■ YOUR TASK
In your reply, repeat every entry exactly and skip over each picture.

Data extracted from a collection:

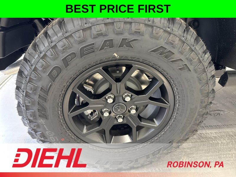 The Willys package brings serious attitude and capability with mud terrain tires, blacked out wheels, rock protection, LED lighting, and signature Willys styling that makes it clear this is not your average Wrangler. It looks like it belongs on a mountain… because it does.
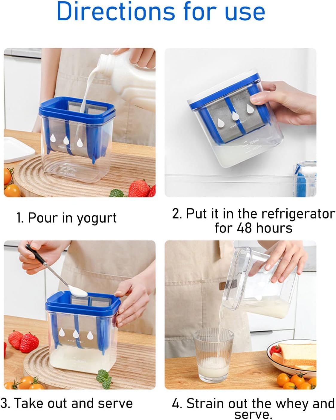 【شاشة شبكية دقيقة】فاصل مصل اللبن مصنوع من مواد متينة وعالية الجودة، 80 شبكة فلتر دقيقة من الستانلس ستيل، تصفية البقايا بسهولة. مصمم لترشيح الزبادي بفعالية، مما يضمن ملمسًا ناعمًا وكريميًا بدون أي كتل أو شوائب.
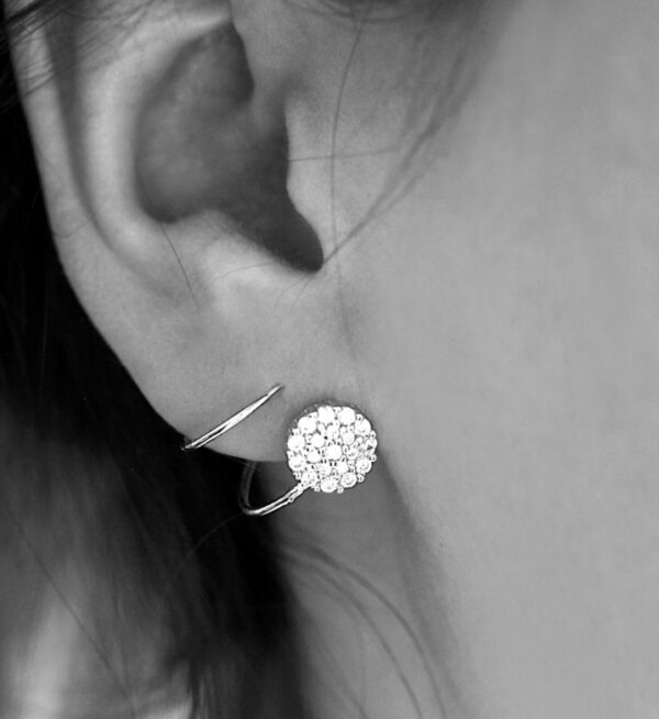 Kolczyki spirale, wykonane ze srebra próby 925, dodatkowo uszlachetnione warstwą rodu. Wielkość części ozdobnej 8×8 mm. Kolczyki przekładane przez dziurkę od tyłu oraz okręcane wokół ucha. Cena dotyczy pary.
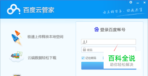 双击打开百度云管家,在登陆界面上输入百度帐号和密码,点击登录,如下图 所示。
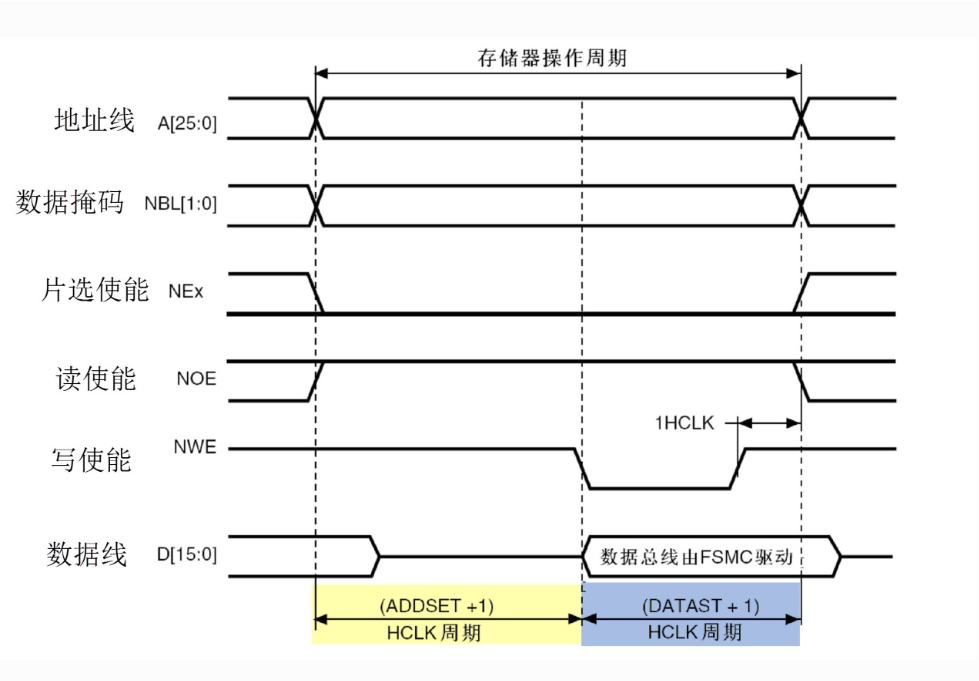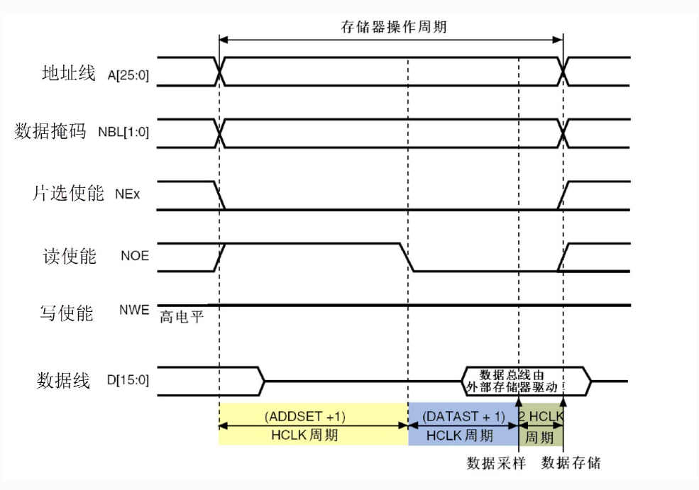 以读时序为例,该图表示一个存储器操作周期由地址建立周期(ADDSET)、数据建立周期(DATAST)以及2个HCLK周期组成。
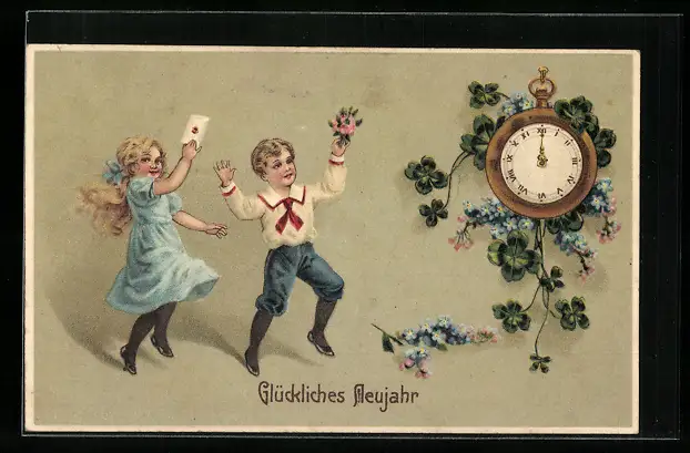 AK Kinder tanzen zu Neujahr, Kleeblätter ranken um eine Uhr
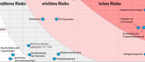 Darstellung der Risiken von Brandschutz bis hin zu Produktionssicherung im Facility Management.
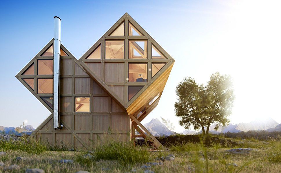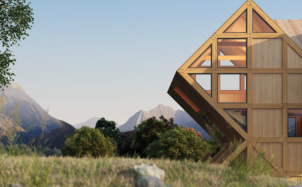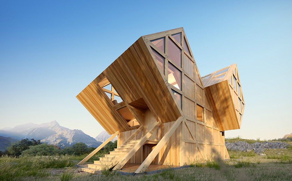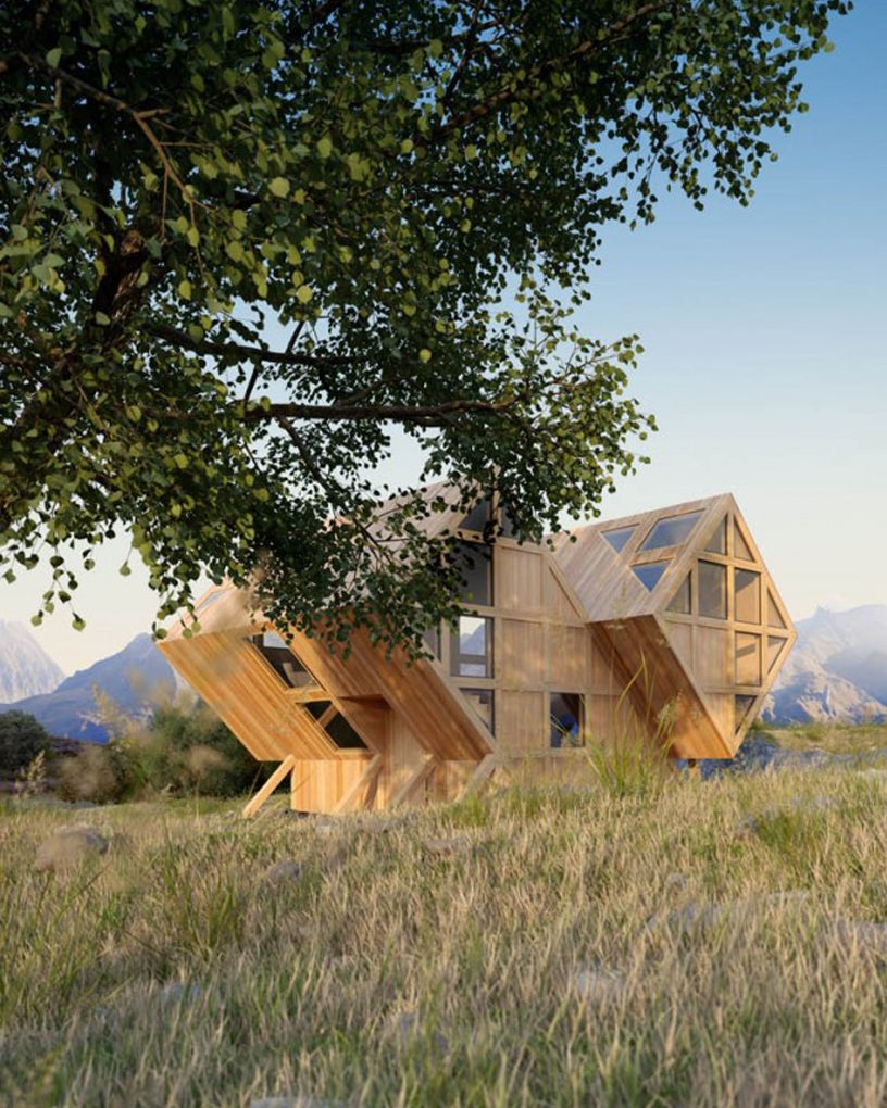 Górne sześciany zostały obrócone o 45 stopni, co wzmacnia wrażenie ruchu i bezpośrednio nawiązuje do górskiej geometrii. Tak zaprojektowana forma tworzy intrygujące przestrzenie zarówno na zewnątrz, jak i we wnętrzu domu. Z głównej bryły wyrasta ukośnie kolejny element konstrukcyjny, podkreślający architektoniczny charakter budynku i nadający mu wyrazistej tożsamości. Widoczne drewniane ramy konstrukcyjne oraz kratownica stanowią integralną część projektu, akcentując rotację bryły i jej silne osadzenie w krajobrazie.
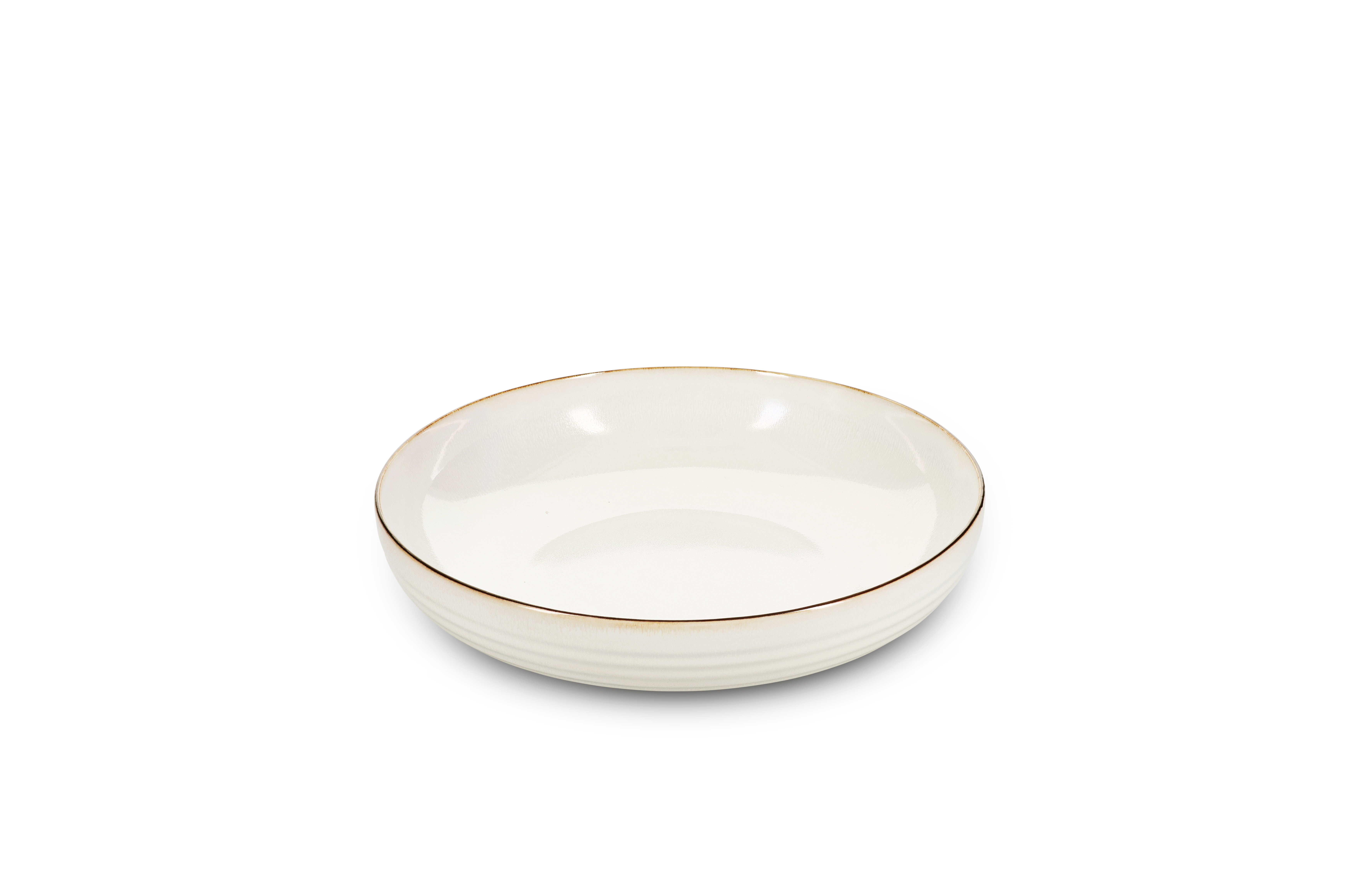 Serveer in stijl met de 32cm witte serveerschaal uit de Artisan collectie. Het organische ontwerp en de bruine rand brengen warmte aan je tafel. Perfect voor stevige pasta's of kleurrijke salades, het is een must-have voor elke thuiskok.
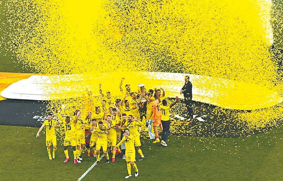 5月27日,比利亚雷亚尔队球员在颁奖仪式上庆祝。
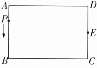 15 抽象能力 如图,已知长方形ABCD中,$AB= CD= 16,BC= DA= 24$,E为CD边的中点,P为长方形ABCD边上的动点,动点P以4个单位/秒的速度从点A出发,沿着$A→B→C→E$运动到点E停止。设点P运动的时间为t秒,$\triangle APE$的面积为y。

■ RESPONSE AREA
 The Willys package brings serious attitude and capability with mud terrain tires, blacked out wheels, rock protection, LED lighting, and signature Willys styling that makes it clear this is not your average Wrangler. It looks like it belongs on a mountain… because it does.
 【شاشة شبكية دقيقة】فاصل مصل اللبن مصنوع من مواد متينة وعالية الجودة، 80 شبكة فلتر دقيقة من الستانلس ستيل، تصفية البقايا بسهولة. مصمم لترشيح الزبادي بفعالية، مما يضمن ملمسًا ناعمًا وكريميًا بدون أي كتل أو شوائب.
 Kolczyki spirale, wykonane ze srebra próby 925, dodatkowo uszlachetnione warstwą rodu. Wielkość części ozdobnej 8×8 mm. Kolczyki przekładane przez dziurkę od tyłu oraz okręcane wokół ucha. Cena dotyczy pary.
 双击打开百度云管家,在登陆界面上输入百度帐号和密码,点击登录,如下图 所示。
 以读时序为例,该图表示一个存储器操作周期由地址建立周期(ADDSET)、数据建立周期(DATAST)以及2个HCLK周期组成。
 AK Kinder tanzen zu Neujahr, Kleeblätter ranken um eine Uhr
 Darstellung der Risiken von Brandschutz bis hin zu Produktionssicherung im Facility Management.
 Górne sześciany zostały obrócone o 45 stopni, co wzmacnia wrażenie ruchu i bezpośrednio nawiązuje do górskiej geometrii. Tak zaprojektowana forma tworzy intrygujące przestrzenie zarówno na zewnątrz, jak i we wnętrzu domu. Z głównej bryły wyrasta ukośnie kolejny element konstrukcyjny, podkreślający architektoniczny charakter budynku i nadający mu wyrazistej tożsamości. Widoczne drewniane ramy konstrukcyjne oraz kratownica stanowią integralną część projektu, akcentując rotację bryły i jej silne osadzenie w krajobrazie.
 Serveer in stijl met de 32cm witte serveerschaal uit de Artisan collectie. Het organische ontwerp en de bruine rand brengen warmte aan je tafel. Perfect voor stevige pasta's of kleurrijke salades, het is een must-have voor elke thuiskok.
 5月27日,比利亚雷亚尔队球员在颁奖仪式上庆祝。
 15 抽象能力 如图,已知长方形ABCD中,$AB= CD= 16,BC= DA= 24$,E为CD边的中点,P为长方形ABCD边上的动点,动点P以4个单位/秒的速度从点A出发,沿着$A→B→C→E$运动到点E停止。设点P运动的时间为t秒,$\triangle APE$的面积为y。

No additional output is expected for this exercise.